In case you missed it, LeSean McCoy, who was the Chiefs running back for all the check notes—nine games and whose career now depends on saying interesting things on television, ruined the case for Bieniemy on some daytime talk show that we all watched. when it was rammed down our throats during an accidental trip to Twitter. I’ll spare you the details, but it looks like McCoy, in a few weeks, determined how the Leaders worked throughout Bieniemy’s tenure with the franchise and said he had little to do with its success. He has no input on the offence. He doesn’t deal with Mahomes. Therefore, he cannot be a head coach. Yada, yada, yada.

I don’t see why aspects of Bieniemy’s argument cannot be immediately true. Let’s say – although Reid denied it – Bieniemy had nothing related to the execution of the offensive game plan (again, a tough question since Mahomes is always seen talking to him during games and, as I have personally confirmed, Bieniemy is sharing in the creative process that finds some of Kansas City’s most creative. offensive look). That doesn’t automatically mean he’ll be a terrible head coach. Look at Reid, who became the Eagles’ coach without ever having played a role in the NFL before. John Harbaugh has never been a play caller.
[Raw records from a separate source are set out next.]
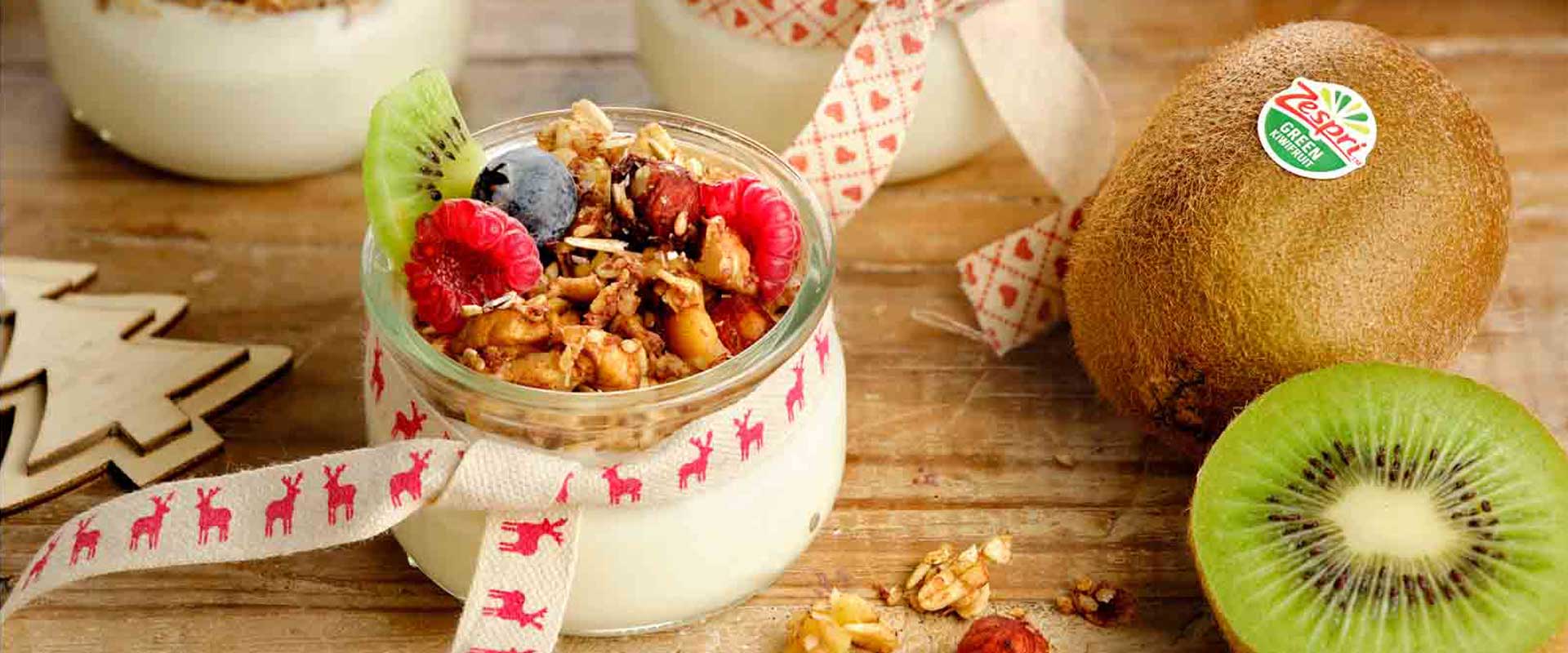 Feestelijke granolapotten met yoghurt en Zespri™ Green kiwi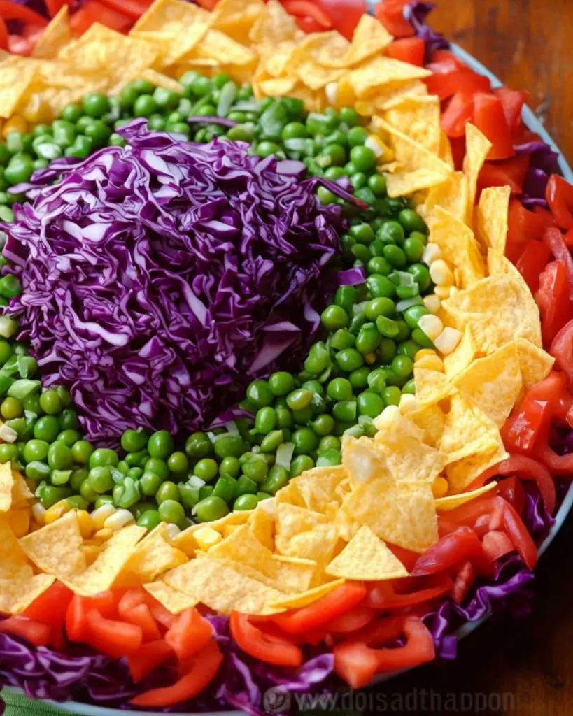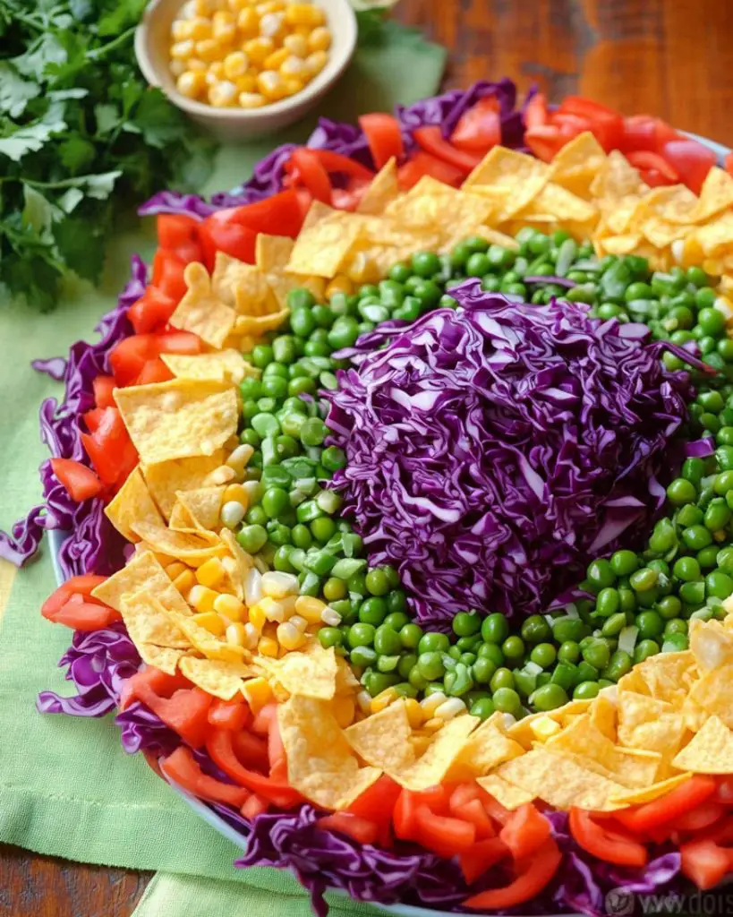 - Layer the ingredients around the cup, starting with the peas to form the inner circle. Build outward with the red cabbage, grated beet, bell pepper slices, corn, green onion, and chow mein noodles.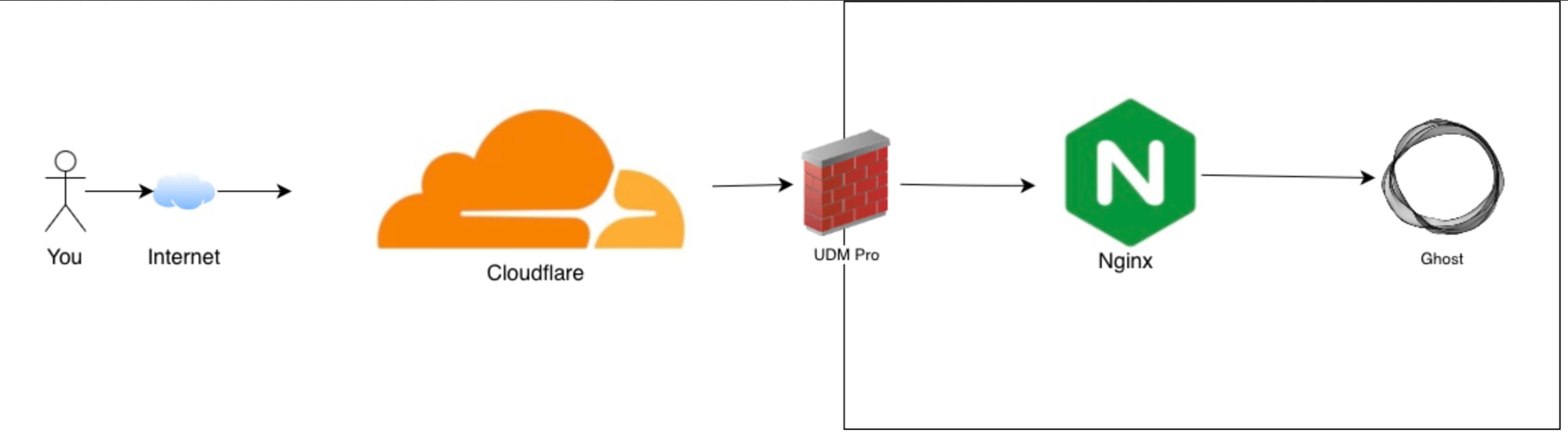 In short, you hit cloudflare, go through my firewall, then hit my reverse proxy that is in front of all my internet facing containers (only Ghost shown). The firewall only allows cloudflare IPs on :443, nothing else, and secondarily nginx also only trusts cloudflare IP addresses and will deny anything else (defense in depth anyone?). The containers run on Unraid which among other things, runs Docker.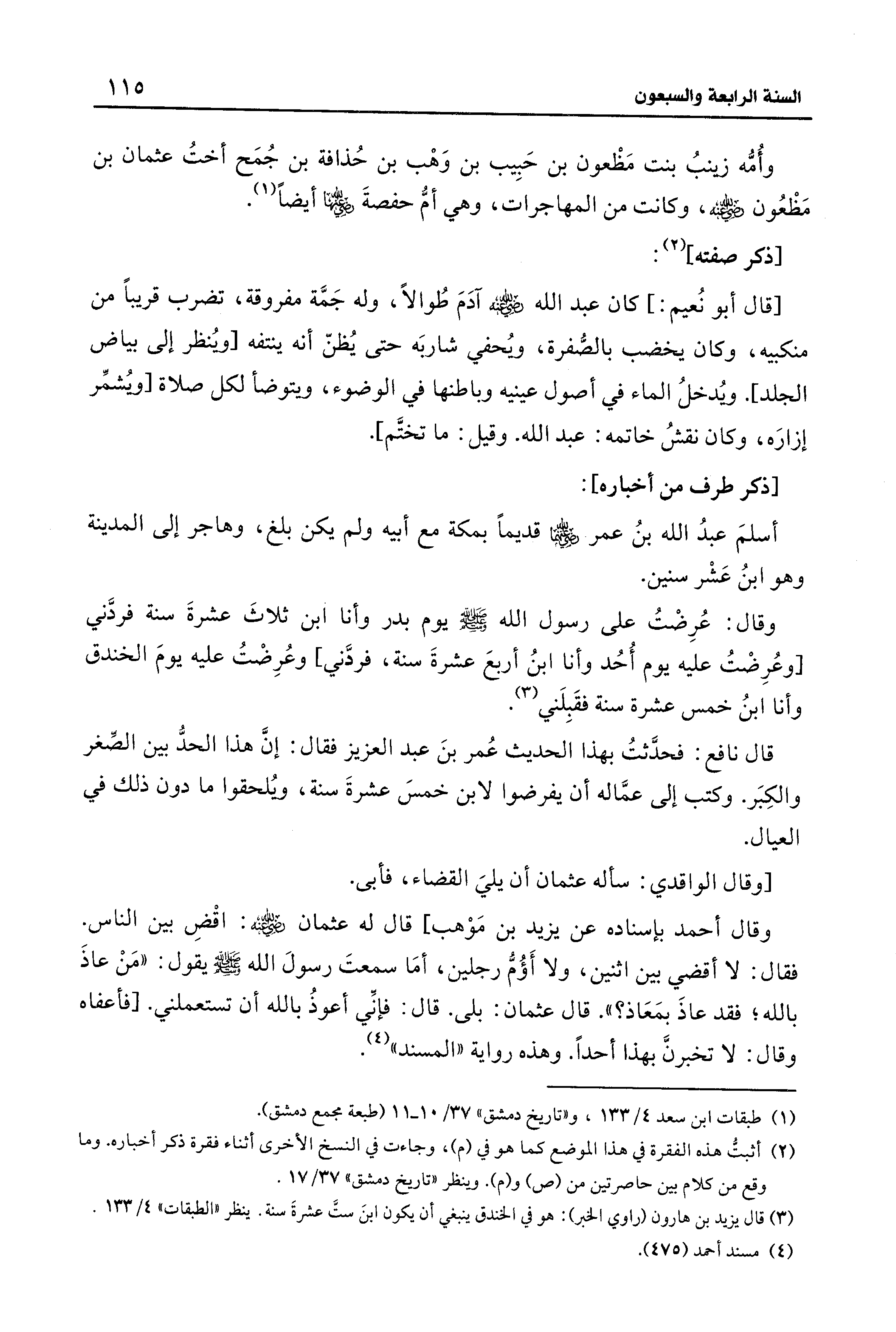 (¬3) قال يزيد بن هارون (راوي الخبر): هو في الخندق ينبغي أن يكون ابنَ ستَّ عشرةَ سنة. ينظر "الطبقات" 4/ 133.

Mike Tomlin was the coordinator for one season. Kevin O’Connell was a non-playing coordinator. Nick Sirianni was like that.

On the contrary, we would also say that Bieniemy was the secret sauce behind all of Kansas City’s achievements. Does that guarantee he can lead a team? Show me a list of great players who became head coaches, and I’ll show you a list of coaches who had to learn to delegate and shed their egos before their teams had any success.

If Bieniemy ends up being a terrible head coach, it’s no proof that those original negative theories were correct. Good coaches fail all the time. Some have bad owners; some don’t have cap space or draft capital; Some find the late QB Russell Wilson their legacy.

And even if Bieniemy ends up struggling as an offensive coordinator, that doesn’t bother him bad offensive coordinator. It means he’s like every other offensive coordinator Washington has had since the turn of the millennium.

Current Giants offensive coordinator Mike Kafka once worked behind Bieniemy in Kansas City and left for a similar opportunity to the one Bieniemy now has — to undoubtedly lead his own offense. His candidacy for a head coaching job was greatly improved, in my pseudo-expert opinion, when he took the best way of Daniel Jones and turned him into a serviceable top-15 type player. He didn’t look like the Chiefs offense, which made him more attractive to potential employers.

Bieniemy deserves that kind of intellectual runway—the same keen eye for progress that may not be clear and conditional on other factors—and then some. It deserves a gray area. He deserves a broad perspective when we look at the situation in which he did this job and the personnel he has to work with.

This is an awfully long way of asking you, the football viewing public, not to overreact either way. There is a time and a place to shape Bieniemy’s legacy as a leader, play caller and talent developer. It is not a year from now, some transparent wild ban Hard Knocks–the situation where we are presented with bare facts that are not obscured by bias, or by some middle man with an agenda. The time is now.

The only thing worse than Bieniemy’s true potential would be to fill in our knowledge gaps with our own personal soul, the kind of nonsense that has already complicated Bieniemy’s journey to this point.